In 1981, Stephen King, famous American writer of horror stories often brought to the silver screen, published an article on the genre. Deep down, he said, we are still primitive bloodthirsty beasts that would cut each other’s head off, if only we could. The fact is that we like fighting games full of violence, but now we prefer to call ourselves civilized and watch certain atrocities sitting in the theater.
For example King Kong (1933): people fled screaming from the cinemas! Let’s watch it now, and all I see is a puppet that moves oddly. How is it that people of the early twentieth century could not see that puppet as we see it today? According to the movie expert Tarja Laine (University of Amsterdam), a monster like this was something completely new back then, that’s why it looked real. In the 30’s a monster ape walking among humans was really shocking.
Let’s take a movie sixty years closer to us, Jurassic Park (1993): the dinosaurs then seemed so real that it becomes a box office success and a milestone for the film with prehistoric lizards; see it now, it is glaring the rigidity of these “animals”, their linear movements, their dead eyes. Particularly when compared with a new movie, like Prometheus, where computer graphics is pretty much everything.
As we said, the technique is the problem. The special effects used years ago are no longer so special, technology improves year after year, with surprising speed. Whenever we watch an old movie (or a new, low quality one), those unspecial effects break the spell of the “suspension of disbelief” (in a work of fiction, we believe the bizarre creatures if they are quite convincing).Beside the technique, in a movie there must be what people in that historical moment and in that culture finds frightening. Every era has its favourite “monsters”, such as “death and decay” in old black and white movies.
Until the ’50s monsters like Godzilla and Frankenstein are the leading actors: they are examples of scientific experiments out of control.
The 60s and 70s were the years of madmen and psychopaths: how could we forget Psycho (1960) and The Texas Chainsaw Massacre (1974). These characters were inspired by real people famous in the new, like Ed Gein and Charles Manson.
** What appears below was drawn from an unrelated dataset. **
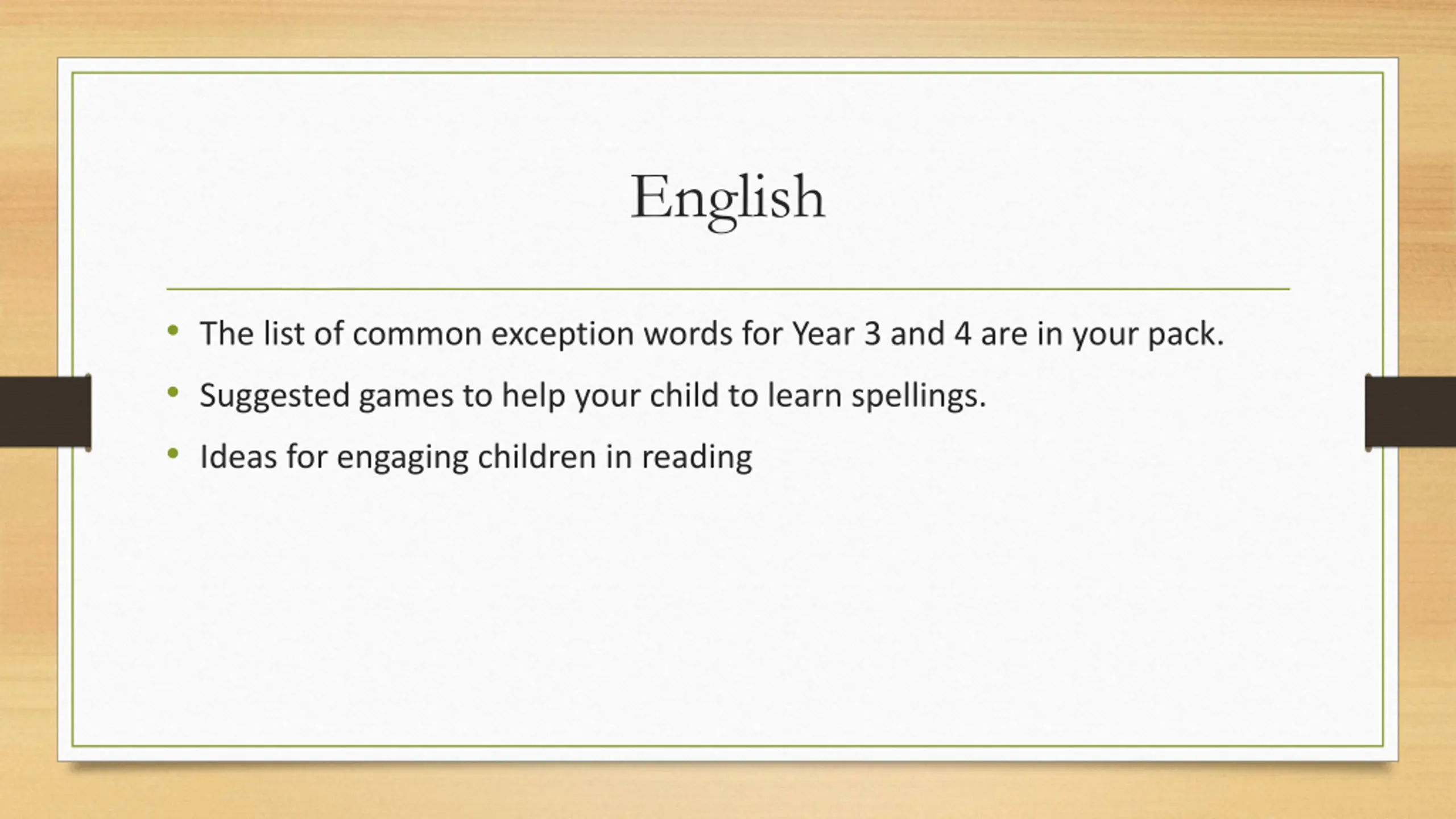 English The list of common exception words for Year 3 and 4 are in your pack. Suggested games to help your child to learn spellings. Ideas for engaging children in reading

In the 80s it was the triumph of the buckets of blood, even ridiculously portraied. We’re talking about movies like The Evil Dead (1981), a cult whose formula is in the balance between horror and exaggeration.
The 90s saw the flourishing of teenagers, market share approaching science fiction and its use of special effects.
The new millennium has seen a proliferation of the mockumentaries (The Blair Witch Project, 1999), in which the movie looks like a documentary or what remains of amateur recordings of a group of friends. Then we got the torture-porn movie, in which young actors are kidnapped and victims of the most unspeakable tortures (Hostel, Saw).
We are nowadays so addicted and accustomed to the realism of the bloodshed that old movies look pretty amateur and miss the target.
What do writers and authors need to produce new convincing horror movies and, above all, to make us jump out of the chair?!
The object of the fear is, of course, personale. Many people did not find The Blair Witch Project interesting for the lack of blood and violence, while many others consider it a masterpiece for the tension created. Horror movies of the future will always fluctuate between concrete dread and psychology, by dusting themes already used or by finding new ones due to current events or trends of society.
PS- To all those who believe that Halloween is not a Christian holiday, remember that the word comes from the English archaic All Hallows Day, modern All Saints. And if you think that the celebration of saints and the dead is Christian, remember that Christianity has chosen these dates (October 31-November 1) because in those days it was (and still is) celebrated Samhain, the last harvest, a time of gathering before the darkness of winter, when to collect supplies, a period of closure to the world that is becoming less welcoming. Also known as the Celtic New Year Day, this culture that influenced the Romans and, later, the Christians. On this day suspended between the old and the new, the boundary between the worlds thins, the dead can return to their homes, celebrations are also held in their honor to scare any malevolent and not welcome spirits.